Lennart Augustsson wrote:
Well, I think fix destroys parametricity too, and it would be better to get rid of fix. But I'm not proposing to do that for Haskell, because I don't have a viable proposal to do so. (But I think the proposal would be along the same lines as the seq one; provide fix in a type class so we can keep tabs on it.)
This idea has actually been investigated (as you might know): http://portal.acm.org/citation.cfm?coll=GUIDE&dl=GUIDE&id=651452 That paper explains exactly how fix's impact on parametricity can be tamed. I don't think it ever went into a practical system, though.
BTW, fix can be defined in the pure lambda calculus, just not in simply typed pure lambda calculus (when not qualified by "typed" the term "lambda calculus" usually refers to the untyped version).
Yup, see my self-correction earlier on the list.
OK, so I was a bit harsh when I said seq destroys parametricity, it doesn't destroy it completely, just enough to ruin the properties used by, e.g., foldr/build.

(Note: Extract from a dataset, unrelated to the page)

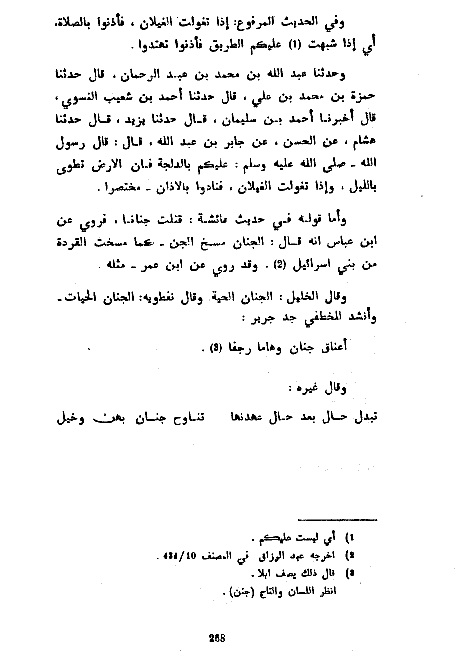 وَفِي الْحَدِيثِ الْمَرْفُوعِ إِذَا تَغَوَّلَتِ الْغِيلَانُ فَأَذِّنُوا بِالصَّلَاةِ أَيْ إِذَا شُبِّهَتْ عَلَيْكُمُ الطَّرِيقُ فَأَذِّنُوا وَحَدَّثَنَا عَبْدُ اللَّهِ بْنُ مُحَمَّدِ بْنِ عَبْدِ الرحمان قَالَ حَدَّثَنَا حَمْزَةُ بْنُ مُحَمَّدِ بْنِ عَلِيٍّ قَالَ حَدَّثَنَا أَحْمَدُ بْنُ شُعَيْبٍ النَّسَوِيُّ قَالَ أَخْبَرَنَا أَحْمَدُ بْنُ سُلَيْمَانَ قَالَ حَدَّثَنَا يَزِيدُ قَالَ حَدَّثَنَا هِشَامٌ عَنِ الْحَسَنِ عَنْ جَابِرِ بْنِ عَبْدِ اللَّهِ قَالَ قَالَ رَسُولُ اللَّهِ صَلَّى اللَّهُ عَلَيْهِ وَسَلَّمَ عَلَيْكُمْ بِالدُّلْجَةِ فَإِنَّ الْأَرْضَ تُطْوَى بِاللَّيْلِ وَإِذَا تَغَوَّلَتِ الْغِيلَانُ فَنَادُوا بِالْأَذَانِ مُخْتَصَرًا وَأَمَّا قَوْلُهُ فِي حَدِيثِ عَائِشَةَ قَتَلَتْ جِنَّانًا فَرُوِيَ عَنِ ابْنِ عَبَّاسٍ أَنَّهُ قَالَ الْجِنَانُ مَسْخُ الْجِنِّ كَمَا مُسِخَتِ الْقِرَدَةُ مِنْ بَنِي إِسْرَائِيلَ وَقَدْ رُوِيَ عَنِ ابْنِ عُمَرَ مِثْلُهُ وَقَالَ الْخَلِيلُ الْجِنَّانُ الْحَيَّةُ وَقَالَ نِفْطَوَيْهِ الْجِنَّانُ الْحَيَّاتُ وَأَنْشَدَ لِلْخَطَفِيِّ جَدِّ جَرِيرٍ ... أَعْنَاقُ جِنَّانٍ وَهَامَا رُجَّفَا ... وَقَالَ غَيْرُهُ ... تَبَدَّلَ حال بعد حال عهدنها ... تُنَاوِحُ جِنَّانٌ بِهِنَّ وَخُيَّلُ
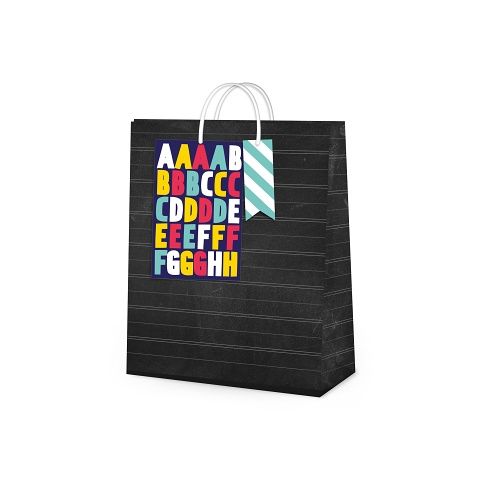 Papírová dárková taška s písmenky k nalepení nabízí vtipný způsob zabalení dárku pro školáky či učitele. Rozměry: 17,8 × 9,8 × 22,9 cm

But not even completely so. Partial correctness is still given without restrictions. See http://haskell.org/haskellwiki/Correctness_of_short_cut_fusion (also explaining that the nowadays maybe even more popular destroy/unfoldr-dual of foldr/build does not even need seq to fail being correct)
The problem with the current seq can also be seen by the fact that it doesn't work properly with the IO type.